For the Alberta Theatre Projects' production of Playing with Fire: The Theo Fleury Story by Kirstie McLellan Day (2012), he "rehearsed" with actor Shaun Smyth on a hockey rink for the production on a small on-stage rink of synthetic ice.

In March 2016, he directed Turn of the Screw for Vertigo Theatre, and in February 2017, he directed a high-energy and hilarious interpretation of The Government Inspector in pantomime style at the University of Alberta Studio Theatre. He directed a newly conceptualized revival of Metis Mutt by Sheldon Elter to great effect in 2017 (Native Earth Performing Arts 2017; Theatre Network 2018).

He continues to support new theatre initiatives: In February, 2019, he directed the premiere of Lake of the Strangers, an imaginative and animated solo piece by indigenous actor Hunter Cardinal and his sister Jacquelyn Cardinal at the Fringe Theatre in Edmonton.
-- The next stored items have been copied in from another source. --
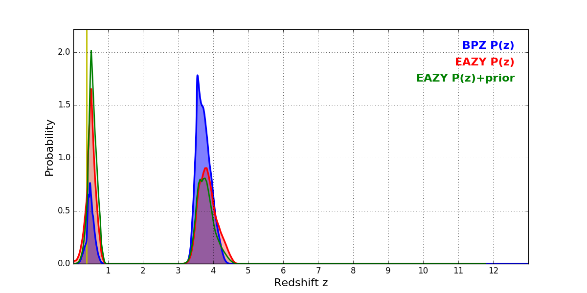 In P(z) plots: Yellow lines mark the cluster redshift z = 0.390,
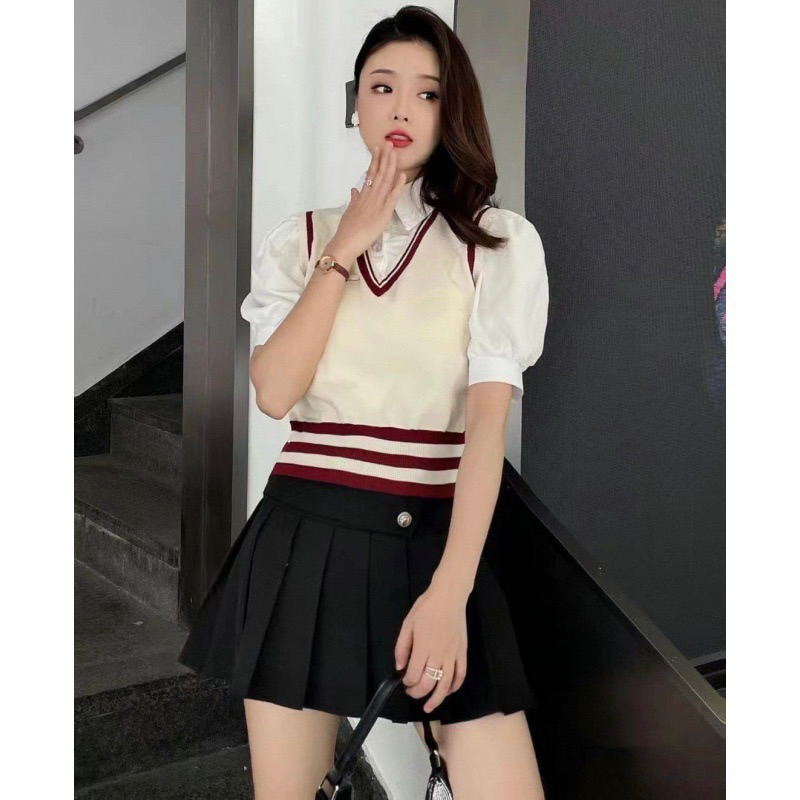 Blouse Atasan Areum Top Blouse Set Vest Shirt (Polo rompi) Collar Kemeja Kerah Knit Rajut Korean Style Lengan Pendek Shirt Academy Uniform Jepang
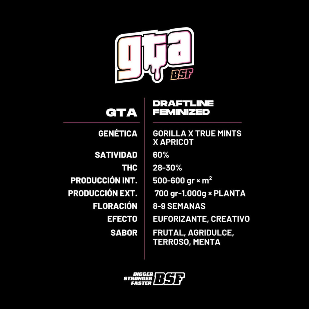 GTA Feminized, fruto de la combinación de Gorilla, True Mints y Apricot, destaca por su alto contenido de THC y una predominancia sativa del 60%.
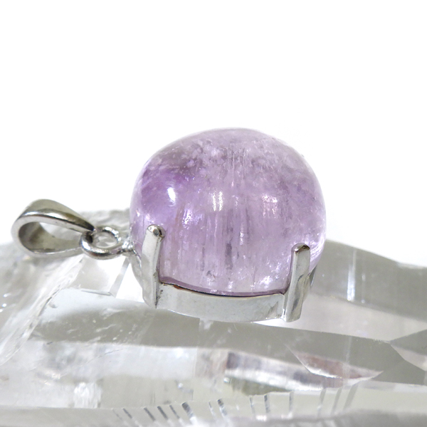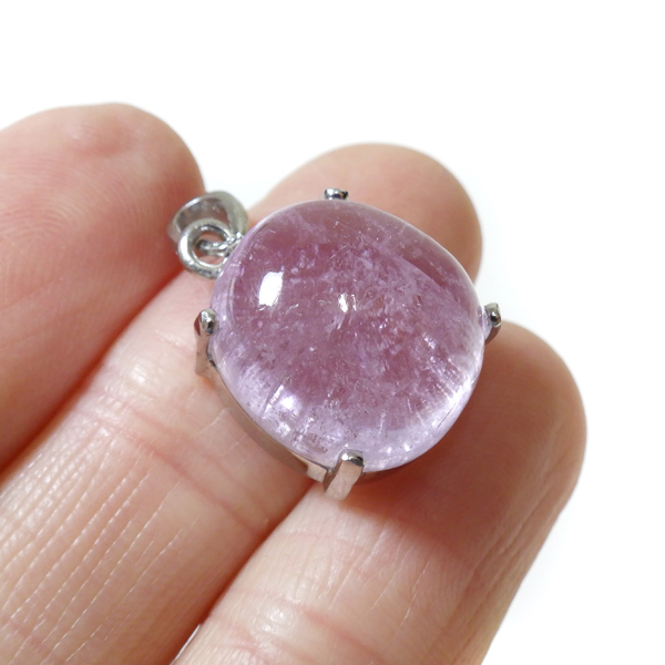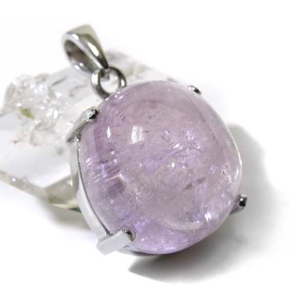 クンツァイトの大粒カボションペンダントトップです。 透明度と発色が抜群に良い大粒のクンツァイトを使用しております。クンツァイトならではの透明感のある優しいピンクの美しさと光を受けた姿に見惚れます。アメジストやローズクォーツにはない上品な色合い。やさしさ、かわいさ、上品さを兼ね備えたクンツァイトのペンダントトップです。
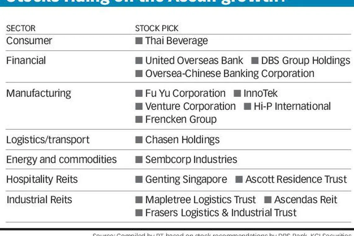 Analysts are therefore pointing to a number of Singapore Exchange (SGX)-listed stocks that may ride the Asean growth story, particularly in sectors driven by domestic demand and consumption.
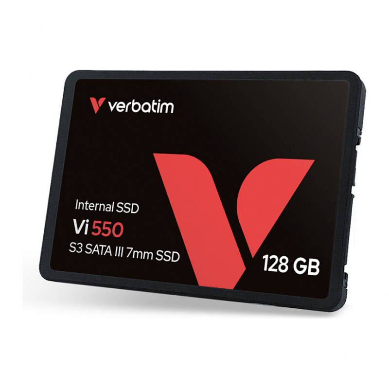 "Verbatim Vi550 S3 SSD 128GB. SSD capacity: 128 GB, SSD form factor: 2.5"", Read speed: 520 MB/s, Write speed: 430 MB/s, Data transfer rate: 6 Gbit/s, Component for: PC/Laptop"\n"Verbatim 2.5'' SATA III 7mm solid state drives can revitalise the performance of your system. Using the latest 3D NAND technology they offer the perfect way to upgrade from either hard drive or an older SSD. The Vi550 has a superior controller for increased reliability, larger capacities and faster read/write speeds.

Since returning to Cape Breton, he has directed at the Neptune Theatre, Ship's Company Theatre, and Highlands Arts Theatre in Sydney (The Drawer Boy January 2020). In November 2020, he directed an imaginative and relevant production of Billy Bishop Goes to War at the Highland Arts Theatre for a live audience when the Covid-19 pandemic was closing theatres across Canada and the world; the production was also live-streamed across the country.

Ron Jenkins has won ten Sterling Awards as a director and playwright. He won the 1st Annual Calgary Critics Award, and a Betty Mitchell Award for Playing with Fire (Alberta Theatre Projects 2012). In 2007 and 2010, he was shortlisted for the Siminovitch Prize in Theatre for directing.